Instructions to follow:
Repeat only the lines below that run from the line with "FOUR LEVELING VIALS" to the line with "Figure 21 Right", ends included; skip every picture.

Source material:
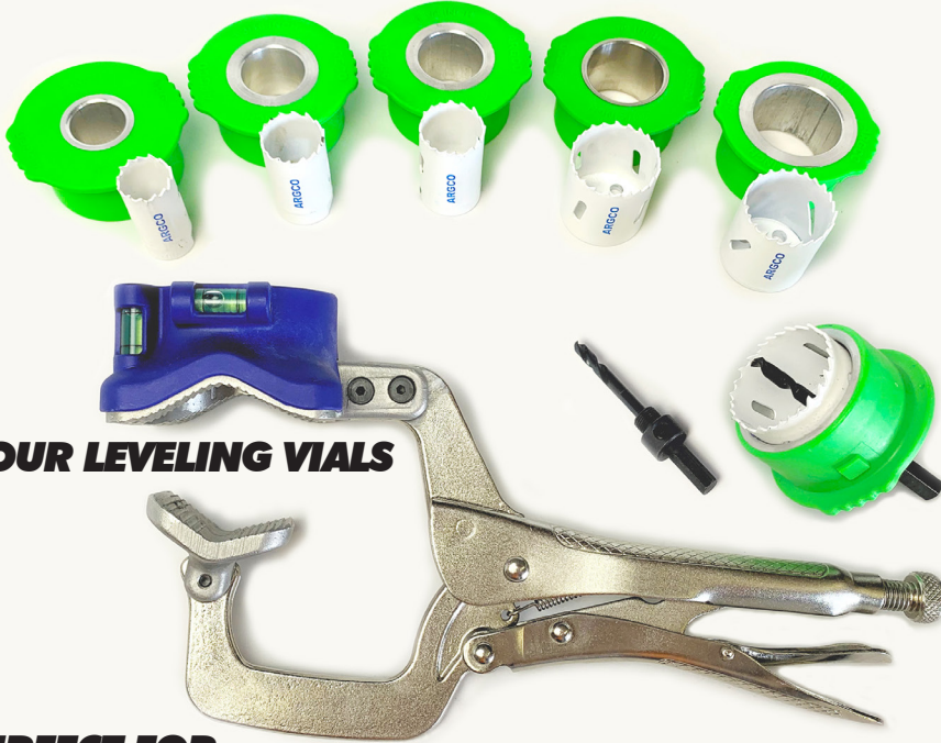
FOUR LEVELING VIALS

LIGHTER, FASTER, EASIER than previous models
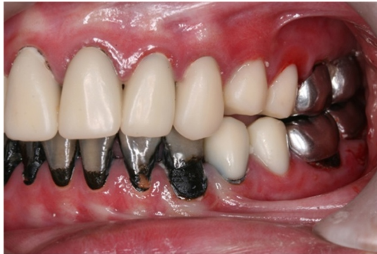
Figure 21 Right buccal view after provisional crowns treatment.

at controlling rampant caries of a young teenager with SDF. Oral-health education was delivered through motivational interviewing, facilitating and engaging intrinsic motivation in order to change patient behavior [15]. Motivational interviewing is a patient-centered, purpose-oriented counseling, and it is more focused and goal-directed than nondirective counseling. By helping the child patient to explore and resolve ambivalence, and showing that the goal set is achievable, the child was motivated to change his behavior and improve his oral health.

...

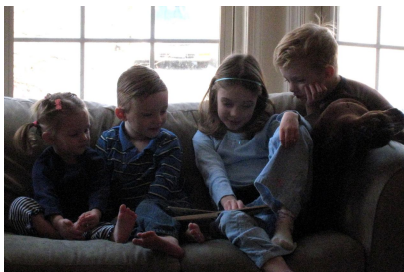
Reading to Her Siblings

--

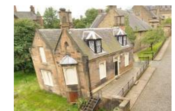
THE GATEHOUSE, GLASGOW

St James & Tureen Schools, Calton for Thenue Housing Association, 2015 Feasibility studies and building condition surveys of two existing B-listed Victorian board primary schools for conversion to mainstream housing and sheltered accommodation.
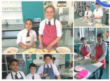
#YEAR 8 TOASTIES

Task output:
FOUR LEVELING VIALS

LIGHTER, FASTER, EASIER than previous models
Figure 21 Right buccal view after provisional crowns treatment.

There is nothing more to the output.